AI coding agents can read your files, run shell commands, make network requests, and modify your codebase — all in seconds. That power is what makes them useful, and it is also what makes them risky. An agent that deletes the wrong directory, commits a hard-coded API key, or runs a destructive database command can cause real damage, and it can happen faster than you can intervene.

The good news is that these risks are manageable. The threat model for agent workflows is well understood, and the mitigations are practical. This module teaches you how to think about agent security systematically: what can go wrong, how to limit the blast radius when it does, and how to build workflows that are both productive and safe.

This is not about fear. It is about the same engineering discipline you apply to any powerful tool — understanding its failure modes and building guardrails that let you work confidently.

  • Identify the main security threats in agent workflows: unintended modifications, credential exposure, destructive operations, prompt injection, and supply chain risks
  • Configure agent permission models and sandboxing to limit what an agent can access and modify
  • Manage credentials safely by keeping secrets out of context files and using environment variables or secret managers
  • Treat agent output as code contributions by applying code review, automated checks, and git-based validation workflows
  • Build operational safety practices including undo/rollback strategies, rate limiting, cost controls, and monitoring
  • Recognize when an agent is stuck in a loop or producing hallucinated output
  • Familiarity with a terminal and basic command-line operations
  • Basic understanding of Git and version control workflows
  • An understanding of how AI coding agents work (the agent loop from Module 1)
  • Experience using an AI coding agent for at least a few tasks (concepts from Module 2 through Module 4 are helpful but not required)

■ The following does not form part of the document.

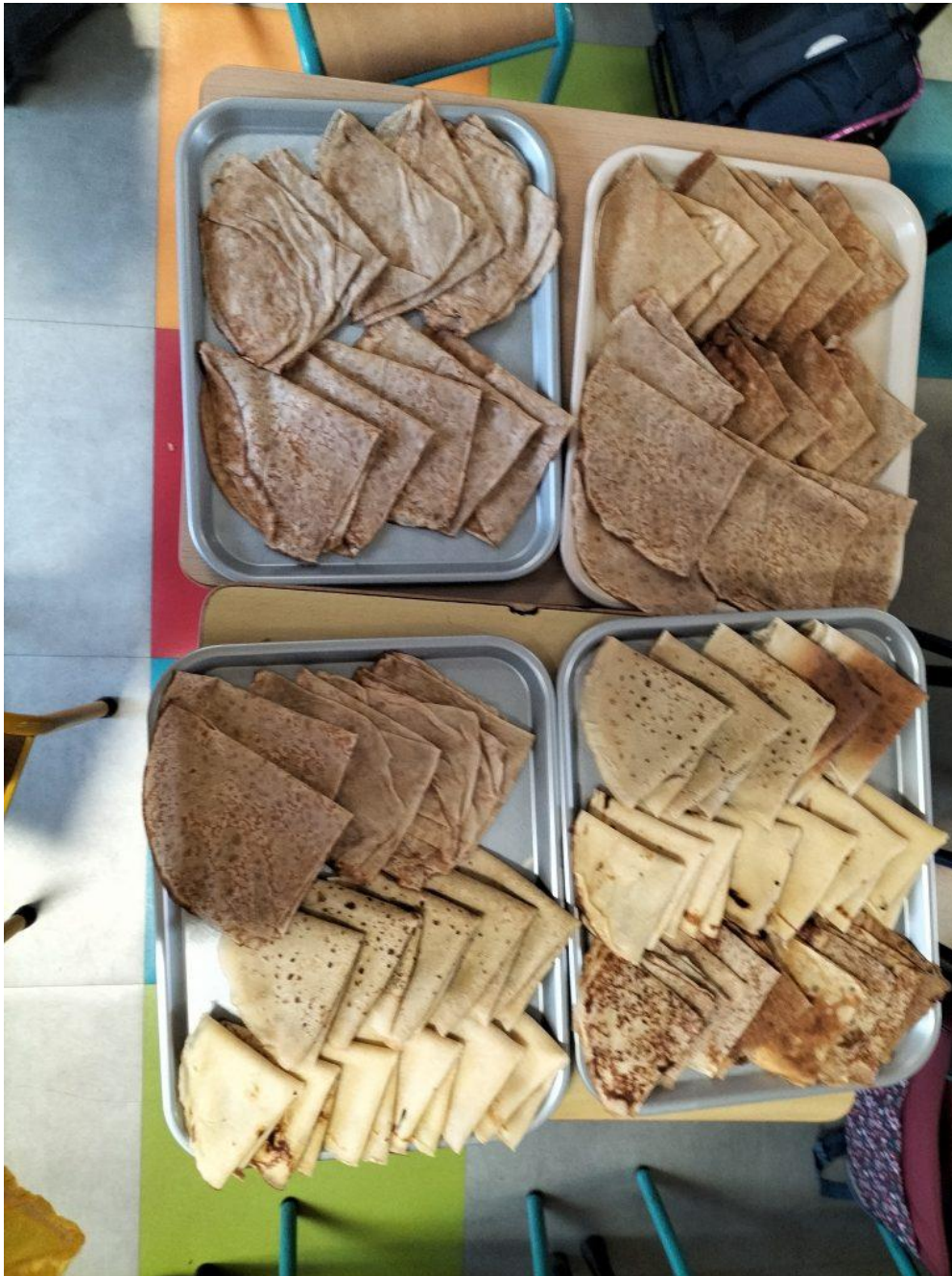
Poull neuial abadenn N°2

Ar strolladoù a zo bet graet. Pep hini a ya war-raok hervez e live.

This module is organized into five sections, each on its own page:

  1. Threat model for agent workflows — The five main categories of risk: unintended modifications, credential exposure, destructive operations, prompt injection, and supply chain risks.
  2. Permissions and sandboxing — How to limit what an agent can access through permission models, file system boundaries, network controls, and containerization.
  3. Credential and secret management — Keeping secrets out of context files, using environment variables and secret managers, auditing agent output, and key rotation practices.
  4. Code review and validation — Treating agent output as code contributions with automated checks, git workflow integration, and effective diff review.
  5. Operational safety — Undo/rollback strategies, rate limiting, cost controls, monitoring agent behavior, and recognizing loops and hallucinations.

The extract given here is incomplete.